WHAT YOU WILL DO ▸ Would you copy the records exactly, leaving the pictures out?

RECORDS FOR THIS EXERCISE Block Start

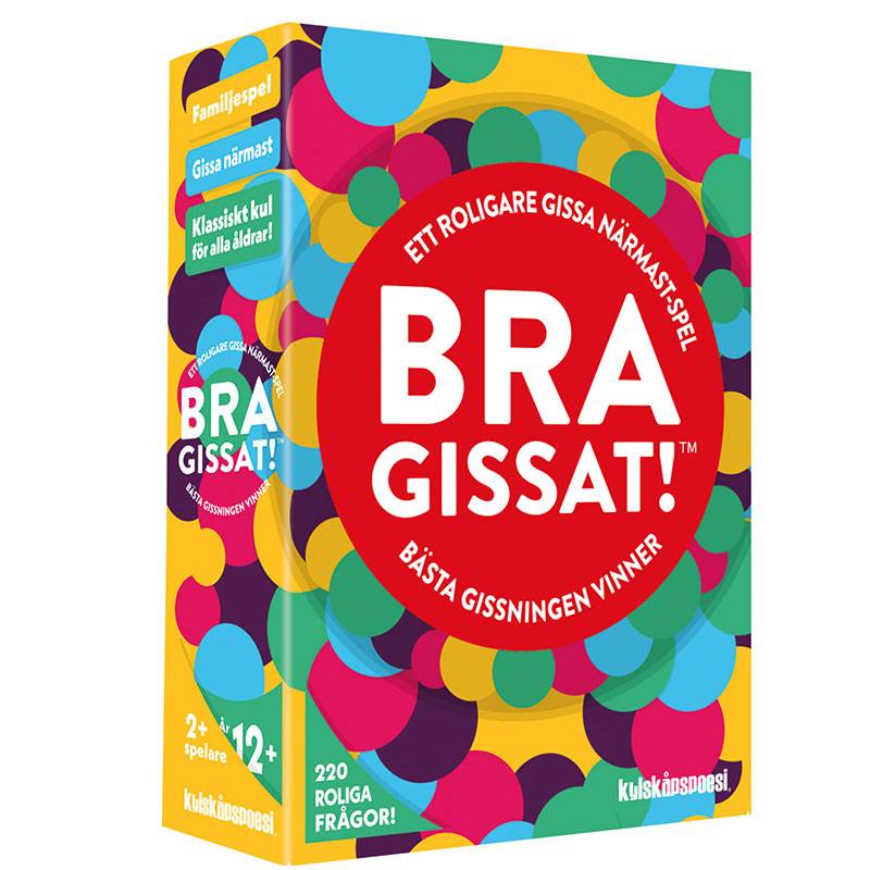 Bra gissat! är ett verkligt underhållande spel med över 200 roliga och intressanta frågor där det gäller att gissa närmast. Här behöver man aldrig kunna det rätta svaret utan bästa gissningen tar hem poängen och vem som helst kan vinna. Träffar du mitt i prick och svarar helt rätt så kammar du dessutom hem massa extrapoäng!
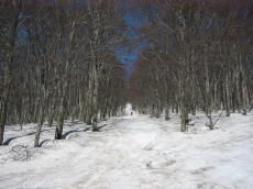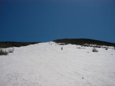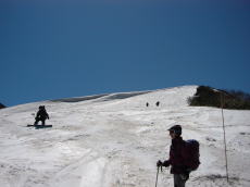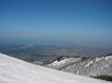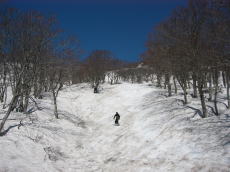 駐車場からリフトに乗り、そこから歩くこと30分くらいで長平コースの滑降地点へ。緩い斜面を少し滑ると、いい斜度の斜面!そして、眼下に海が!でも、良く見ると斜面はシュプールで荒れ放題。しかも、滑ってみると硬い・・・。いい斜度の斜面はここだけ。あとは斜面というよりも尾根となり、下っていくだけって感じになる。そして、なんだかあっという間に鯵ヶ沢スキー場のTOPに出てしまった。もう終わり・・・?あとはターンすると止まりそうになるゲレンデを延々とベースまで滑るのみだった。長平コースは標高差1000m以上あるのだが、楽しめるのは上部のほんのひと滑りのみ。あっけなく終わってしまった。
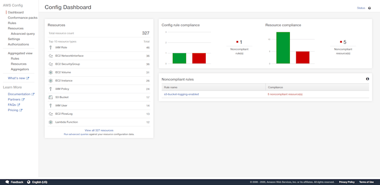 AWS Config enables team members to codify compliance requirements, deploy compliance rules, and automate configuration assessment processes. The resource relationship tracking tool lets users automatically discover, map, and track AWS resource relationships. With the aggregated dashboard functionality users can view and track rule compliance status for enterprise-wide applications across multiple accounts and regions.
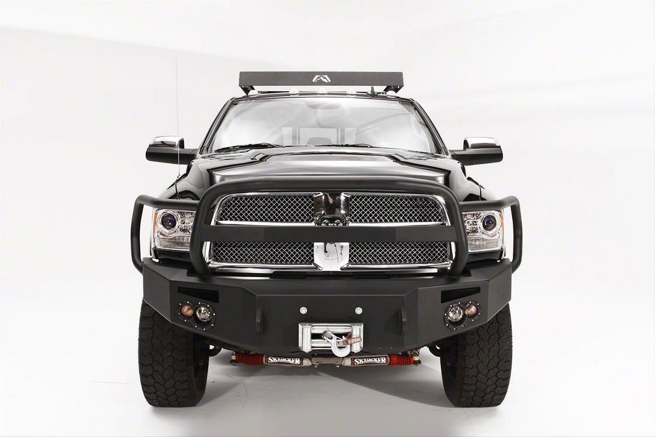 Application. This Fab Fours Premium Winch Front Bumper with Full Guard; Not Pre-Drilled for Front Parking Sensors; Bare Steel is designed to fit all 2013 to 2018 RAM 1500s, excluding Rebel models.
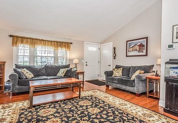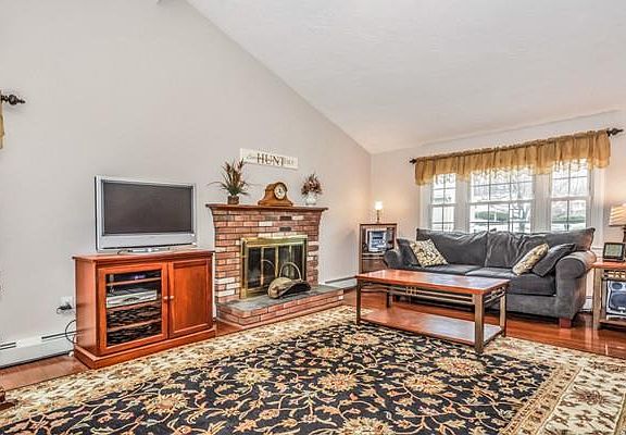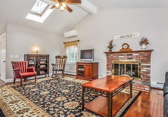 Sprawling 3 bedroom 1 full bath ranch in a wonderful cul de sac location in Auburn. Open layout with cathedral ceilings; Large living room with wood burning fireplace, hardwood floors and skylights; Remodeled kitchen with stainless steel appliances, breakfast bar and quartz countertops; Sunny and spacious dining room with lots of natural sunlight and hardwoods; Three great size bedrooms and modern full bathroom; Basement is finished with wood burning stove, laundry and bar area; Beautiful lot that overlooks Stoneville Pond where you can enjoy kayaking, canoeing and ice skating in the Winter months. Many updates to this home...New Trex Deck and vinyl railings- 2017, Kitchen Remodel-2016,New rubber and shingled roof - 2015, Basement Carpeting-2015, New Chimney Cap -2015, Septic System Installed -2013, Chimney repointed -2011, Installation of Hardwood floors-2010, Pella Windows- 2010,Updated Bathroom-2010, Interior/Exterior Doors replaced-2010; Just move right in!
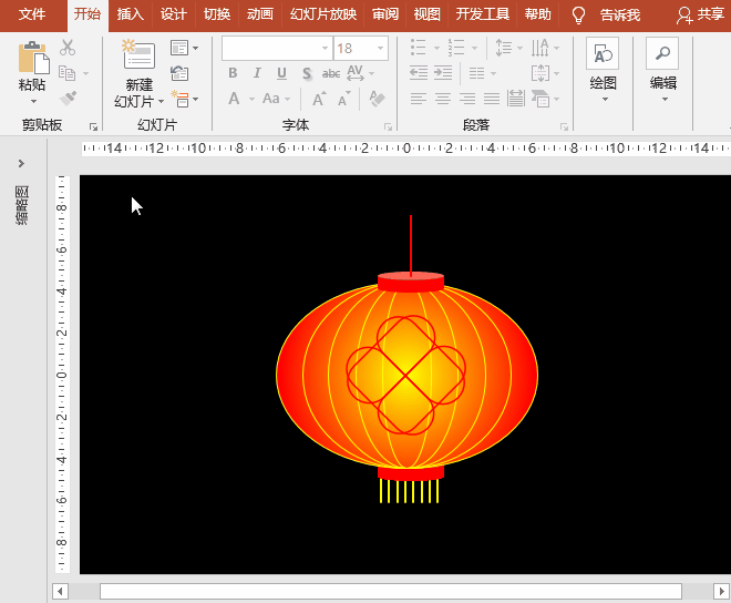 选择圆角矩形,按住Ctrl+Shift键拖动,复制1份,使其紧贴在一起,右键“组合”之;同样按住Ctrl+Shift键拖动,复制1份,并按住Shift键旋转90度,与前一组合对齐;右键“组合”将两组合组合之;同样按住Shift键旋转45度,调整其大小,置于灯笼中心;
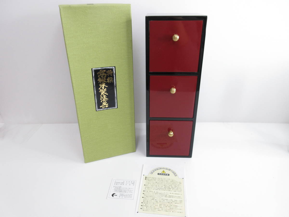 - 極美品◆高級木製漆器 三ツ引タンス 三段和風タンス 卓上タンス 小物入れ 赤 漆器 天然木 箱有 管理2003 P-9
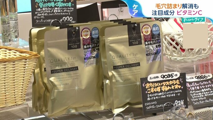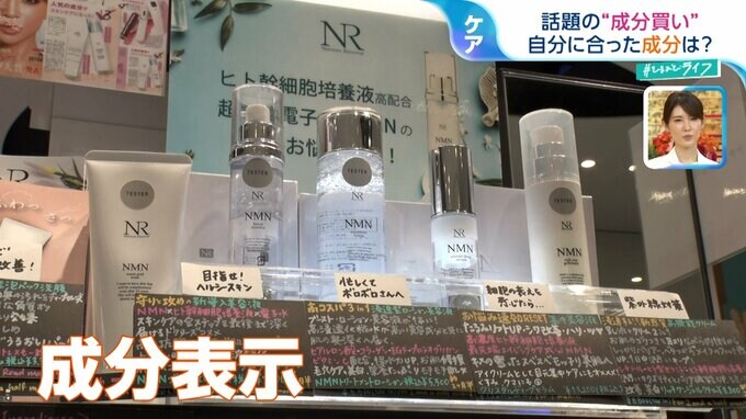 売り場にはレチノール・ヒアルロン酸など、美容成分が目立つような形で表記されています。
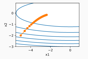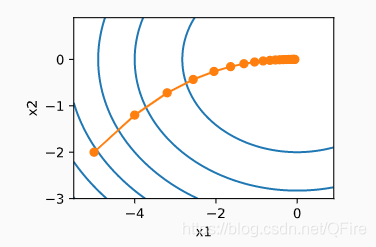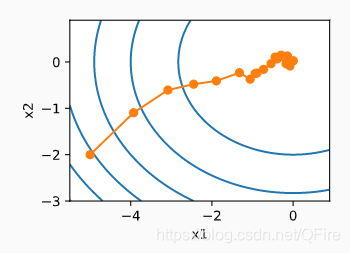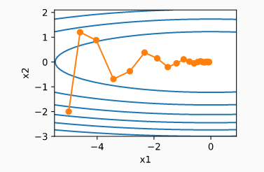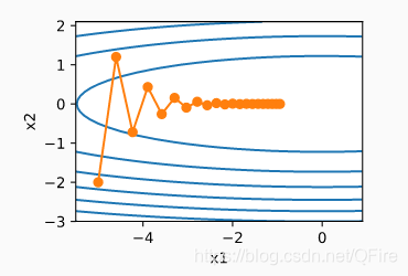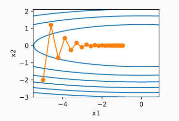 在每次迭代中,梯度下降根据自变量当前位置,沿着当前位置的梯度更新自变量。然而,如果自变量的迭代方向仅仅取决于自变量当前位置,这可能会带来一些问题。如下图,可以看到,同一位置上,目标函数在竖直方向(x2)比在水平方向(x1)的斜率的绝对值更大。因此,给定学习率,梯度下降迭代自变量时会使自变量在竖直方向比在水平方向移动幅度更大。那么,我们需要一个较小的学习率从而避免自变量在竖直方向上越过目标函数最优解。然而,这会造成自变量在水平方向上朝最优解移动变慢。
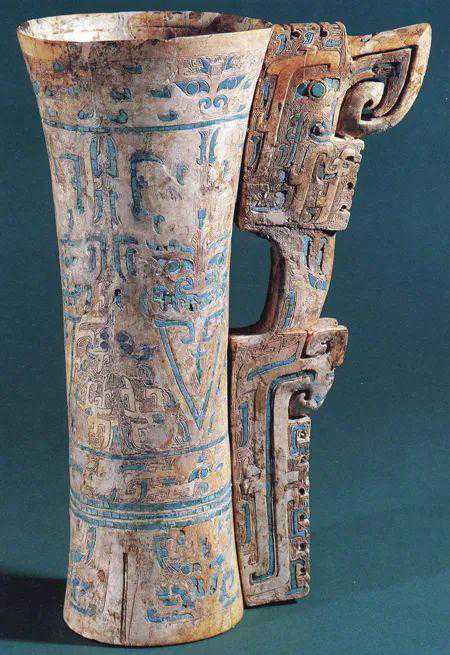 此外,象牙杯也体现出商代对夏代镶嵌艺术的传承,除了选用绿松石在一个画面上下多层镶嵌之外,一些绿松石也表示圆雕骨鹿、虎、龟、蛙等动物的眼、耳、鼻,有的则在动物身上也嵌绿松石点缀。
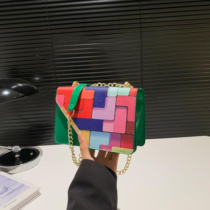 Повседневная маленькая свежая и модная маленькая сумка на цепочке для женщин летом, новая модная контрастная цветная маленькая квадратная сумка через плечо
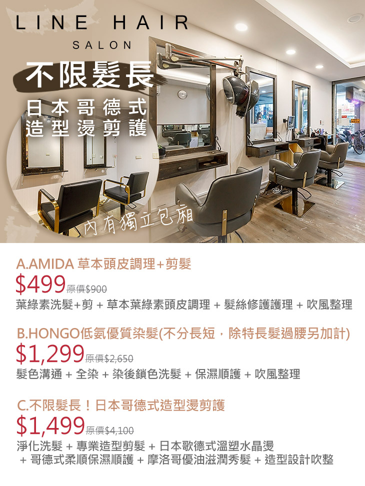 A.AMIDA 草本頭皮調理+剪髮 / B.HONGO低氨優質染髮(不分長短,除特長髮過腰另加計) / C.不限髮長!日本哥德式造型燙剪護
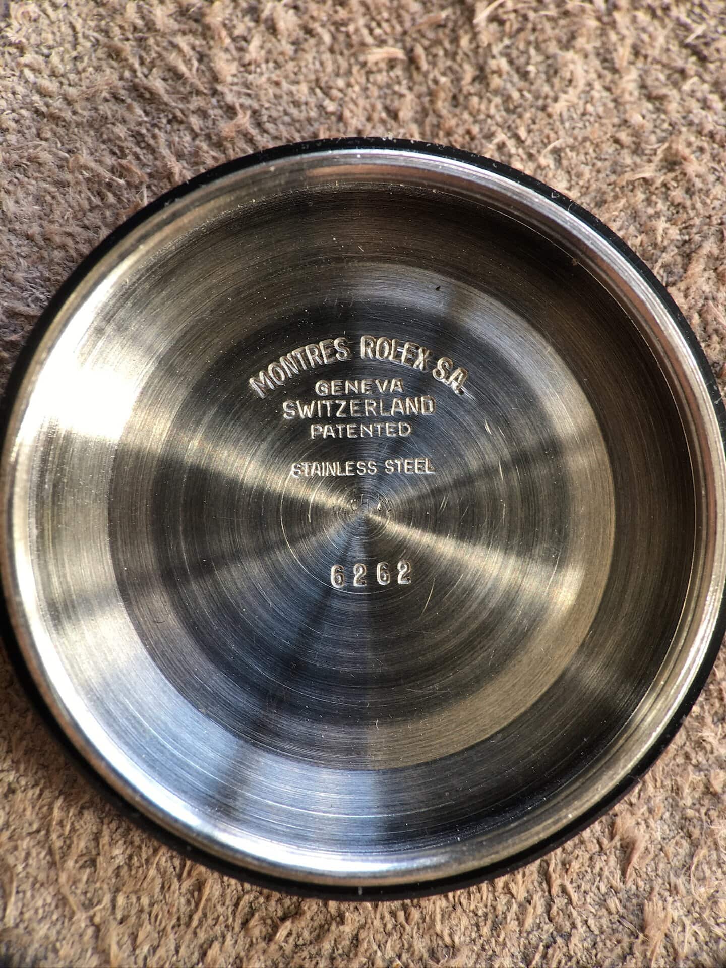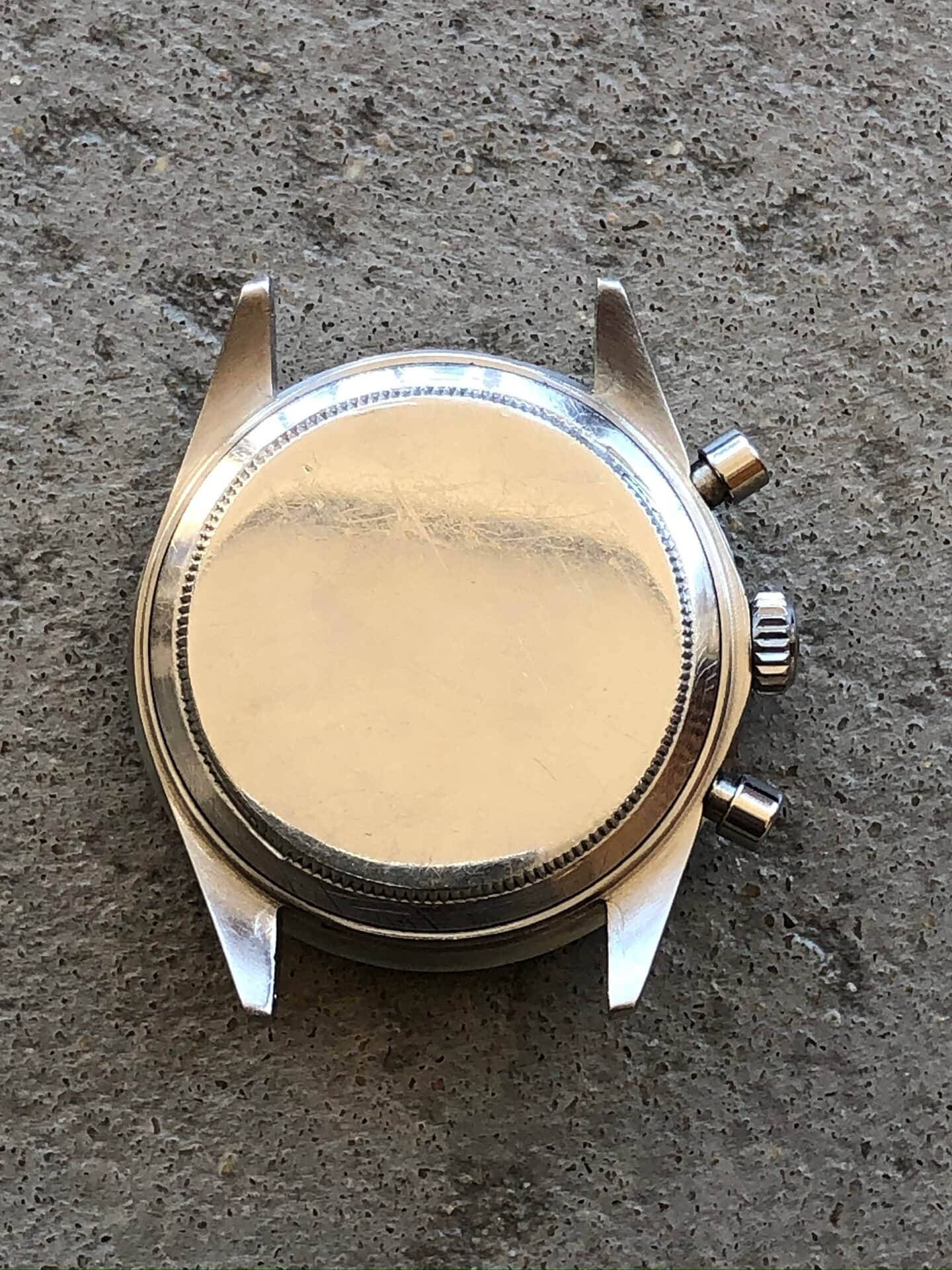 The case is extremely thick and razor sharp. Original short pushers. Caseback engraved 6262 as per usual for period when Rolex was either using contemporary watches parts or even exhausting parts of their previous references.

RECORDS FOR THIS EXERCISE Block End

SOLUTION FOR THIS PROBLEM ▸
 Bra gissat! är ett verkligt underhållande spel med över 200 roliga och intressanta frågor där det gäller att gissa närmast. Här behöver man aldrig kunna det rätta svaret utan bästa gissningen tar hem poängen och vem som helst kan vinna. Träffar du mitt i prick och svarar helt rätt så kammar du dessutom hem massa extrapoäng!
 駐車場からリフトに乗り、そこから歩くこと30分くらいで長平コースの滑降地点へ。緩い斜面を少し滑ると、いい斜度の斜面!そして、眼下に海が!でも、良く見ると斜面はシュプールで荒れ放題。しかも、滑ってみると硬い・・・。いい斜度の斜面はここだけ。あとは斜面というよりも尾根となり、下っていくだけって感じになる。そして、なんだかあっという間に鯵ヶ沢スキー場のTOPに出てしまった。もう終わり・・・?あとはターンすると止まりそうになるゲレンデを延々とベースまで滑るのみだった。長平コースは標高差1000m以上あるのだが、楽しめるのは上部のほんのひと滑りのみ。あっけなく終わってしまった。
 AWS Config enables team members to codify compliance requirements, deploy compliance rules, and automate configuration assessment processes. The resource relationship tracking tool lets users automatically discover, map, and track AWS resource relationships. With the aggregated dashboard functionality users can view and track rule compliance status for enterprise-wide applications across multiple accounts and regions.
 Application. This Fab Fours Premium Winch Front Bumper with Full Guard; Not Pre-Drilled for Front Parking Sensors; Bare Steel is designed to fit all 2013 to 2018 RAM 1500s, excluding Rebel models.
 Sprawling 3 bedroom 1 full bath ranch in a wonderful cul de sac location in Auburn. Open layout with cathedral ceilings; Large living room with wood burning fireplace, hardwood floors and skylights; Remodeled kitchen with stainless steel appliances, breakfast bar and quartz countertops; Sunny and spacious dining room with lots of natural sunlight and hardwoods; Three great size bedrooms and modern full bathroom; Basement is finished with wood burning stove, laundry and bar area; Beautiful lot that overlooks Stoneville Pond where you can enjoy kayaking, canoeing and ice skating in the Winter months. Many updates to this home...New Trex Deck and vinyl railings- 2017, Kitchen Remodel-2016,New rubber and shingled roof - 2015, Basement Carpeting-2015, New Chimney Cap -2015, Septic System Installed -2013, Chimney repointed -2011, Installation of Hardwood floors-2010, Pella Windows- 2010,Updated Bathroom-2010, Interior/Exterior Doors replaced-2010; Just move right in!
 选择圆角矩形,按住Ctrl+Shift键拖动,复制1份,使其紧贴在一起,右键“组合”之;同样按住Ctrl+Shift键拖动,复制1份,并按住Shift键旋转90度,与前一组合对齐;右键“组合”将两组合组合之;同样按住Shift键旋转45度,调整其大小,置于灯笼中心;
 - 極美品◆高級木製漆器 三ツ引タンス 三段和風タンス 卓上タンス 小物入れ 赤 漆器 天然木 箱有 管理2003 P-9
 売り場にはレチノール・ヒアルロン酸など、美容成分が目立つような形で表記されています。
 在每次迭代中,梯度下降根据自变量当前位置,沿着当前位置的梯度更新自变量。然而,如果自变量的迭代方向仅仅取决于自变量当前位置,这可能会带来一些问题。如下图,可以看到,同一位置上,目标函数在竖直方向(x2)比在水平方向(x1)的斜率的绝对值更大。因此,给定学习率,梯度下降迭代自变量时会使自变量在竖直方向比在水平方向移动幅度更大。那么,我们需要一个较小的学习率从而避免自变量在竖直方向上越过目标函数最优解。然而,这会造成自变量在水平方向上朝最优解移动变慢。
 此外,象牙杯也体现出商代对夏代镶嵌艺术的传承,除了选用绿松石在一个画面上下多层镶嵌之外,一些绿松石也表示圆雕骨鹿、虎、龟、蛙等动物的眼、耳、鼻,有的则在动物身上也嵌绿松石点缀。
 Повседневная маленькая свежая и модная маленькая сумка на цепочке для женщин летом, новая модная контрастная цветная маленькая квадратная сумка через плечо
 A.AMIDA 草本頭皮調理+剪髮 / B.HONGO低氨優質染髮(不分長短,除特長髮過腰另加計) / C.不限髮長!日本哥德式造型燙剪護
 The case is extremely thick and razor sharp. Original short pushers. Caseback engraved 6262 as per usual for period when Rolex was either using contemporary watches parts or even exhausting parts of their previous references.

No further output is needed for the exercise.